Federal Rule Changes Would Loosen Radiation Protections at LANL, Nationwide
The DOE dropped its 'as low as reasonably achievable' radiation standard in January, and an NNSA official has since confirmed LANL will allow workers higher annual doses as pit production expands.

The Department of Energy's radiation protection framework changed fundamentally on January 12, when Energy Secretary Chris Wright announced the agency was eliminating "as low as reasonably achievable," the ALARA principle that for decades had required DOE sites, including Los Alamos National Laboratory, to drive worker and public radiation exposures toward the lowest levels practical, not merely below the statutory ceiling. An NNSA official has since confirmed that LANL will allow workers to receive additional annual dose, a change that arrives as the laboratory expands its plutonium pit production mission and its contractor workforce.
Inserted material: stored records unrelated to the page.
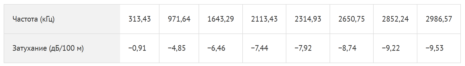 Погонное сопротивление = 3.1 Ом/км, емкость жила/жила 126.6 пФ/м (1 кГц), индуктивность проводника 0.44 мкГн/м. Рабочие температуры от -20° до +75°С, допускается прокладка на улице.
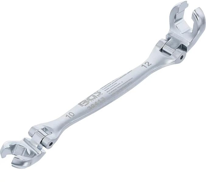 A nyitott csillagkulcs, amely fékvezetékekhez és csuklókhoz ideális eszköz. Ez a kulcs különösen hasznos a járműjavítás során, mivel lehetővé teszi a nehezen elérhető helyeken lévő csavarok és anyák könnyű megfogását és meghúzását. Specifikáció Anyag: Króm - vanádium acél Felület: Krómozott, matt 1. Kulcsméret: 10 mm 2. Kulcsméret: 12 mm Bruttó súly: 88 g
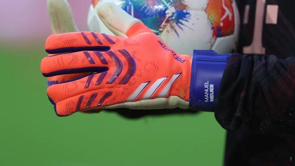为了治疗关节囊损伤,诺伊尔左手无名指和小手指被用胶布缠在一起,因此他在最近两场比赛左手套都是特制的。

ALARA was not a fixed number; it was an ongoing obligation to reduce dose through engineering controls, respiratory protection, and work restrictions whenever doing so was reasonably achievable. At LANL, where technicians and tradespeople work alongside scientists at the Plutonium Processing and Handling Facility and related radiological areas, that obligation determined when additional protective measures were required. Without it, the 5 rem statutory ceiling becomes the only operative limit.
The gap between where workers have actually been and where they could legally go is wide. In 2024, the DOE monitored close to 85,000 workers across its complex for radiation exposure. Of the roughly one in five who received any detectable dose, the average measured exposure was 1 percent of the 5 rem statutory limit. Across all DOE sites in a five-year span, just one worker received a dose exceeding 2 rem, and that single incident occurred at LANL's Plutonium Processing and Handling Facility. The watchdog Los Alamos Study Group has reported that LANL's internal administrative control levels have been loosened fivefold under the new directives, narrowing the buffer between daily practice and the statutory ceiling.
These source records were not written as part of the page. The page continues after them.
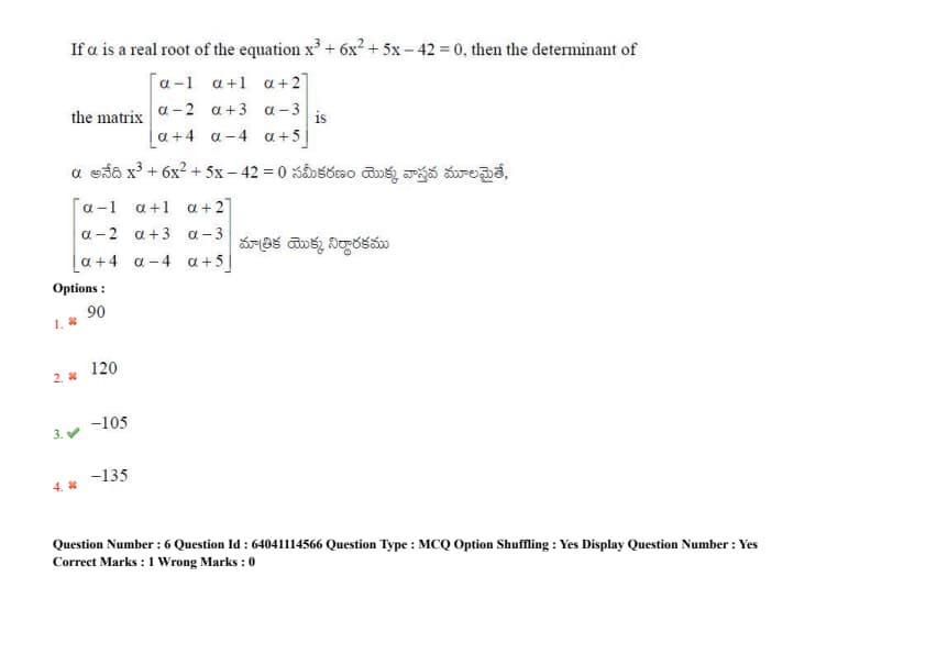 If \( \alpha \) is a real root of the equation \( x^3 + 6x^2 + 5x - 42 = 0 \), then the determinant of the matrix
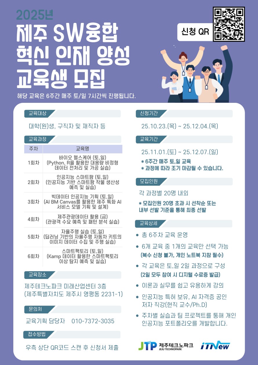 2025년 제주 SW융합 혁신 인재 양성 교육생 모집
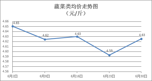 蔬菜类商品价格升降互现。所监测的32 种蔬菜商品价格波动情况为18涨14跌,综合零售均价为每斤4.63元,环比上涨0.71%。其中:涨幅居前的品种包括黄瓜、韭菜、丝瓜,零售均价分别为每斤3.79元、5.01元、4.95元,环比分别上涨11.14%、6.82%、3.34%;跌幅靠前的品种包括花菜、西红柿、生菜,零售均价分别为每斤4.53元、4.28元、3.83元,环比分别下降3.00%、1.83%、1.54%。

The Nuclear Regulatory Commission is moving in the same direction. Under an executive order requiring wholesale revision of its regulations, the NRC has said it is considering eliminating ALARA from Part 20, the half-century-old standard governing occupational and public exposure. A proposed rule is expected for public comment by April 30.
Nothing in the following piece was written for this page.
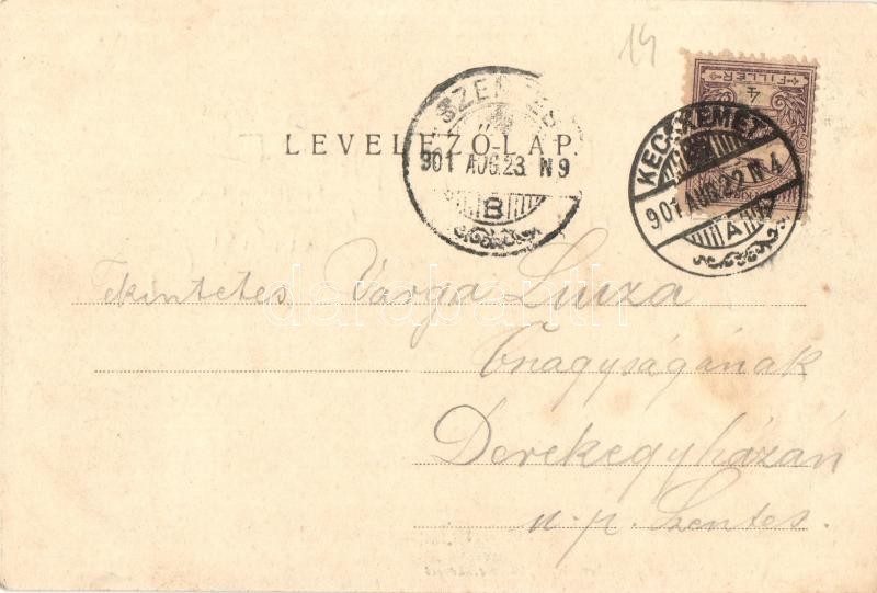 1901 Kecskemét, Piac tér, Schwarcz Soma, Pollák Lajos, Bóka Zsigmond üzlete, Gyógyszertár. Schwarcz Soma saját kiadása (fl)

The shift traces directly to the White House. President Trump signed four executive orders last May aimed at what he called an industry "atrophied" by regulation, and Executive Order 14300 specifically criticized ALARA as lacking sound scientific basis. Researchers at Idaho National Laboratory followed with a report recommending the 5,000 millirem annual limit be kept with no ALARA requirements below it; DOE moved quickly to align.

Worker advocates have pushed back sharply. Bradley Clawson, a retired nuclear worker who serves on the Centers for Disease Control advisory board on radiation and workers, said the rollback targets the practices that kept his occupational dose manageable. "They're pulling away from what's kept us safe all these years," Clawson said, speaking in a personal capacity. A coalition of scientists, physicians and community advocates filed a joint letter calling the changes an unacceptable sidelining of scientific standards in favor of industry priorities. The United Steelworkers union separately said it is committed to standards it described as "Gold Standard Science."
Those stakes fall hardest on workers with the least institutional protection. LANL is adding craft trades workers, subcontractors, and support personnel as its mission expands, and those workers' radiological monitoring resources typically lag behind those of cleared laboratory staff. For nearby Pueblos and county residents who have pressed for transparency in LANL's radiological footprint, the loss of ALARA also removes a concrete public benchmark: it required demonstrable effort toward minimization, not just a number declared technically not exceeded.
What independent monitoring or dose-reporting requirements will replace that obligation is the question county emergency management, tribal governments, and labor representatives have not yet received an answer to.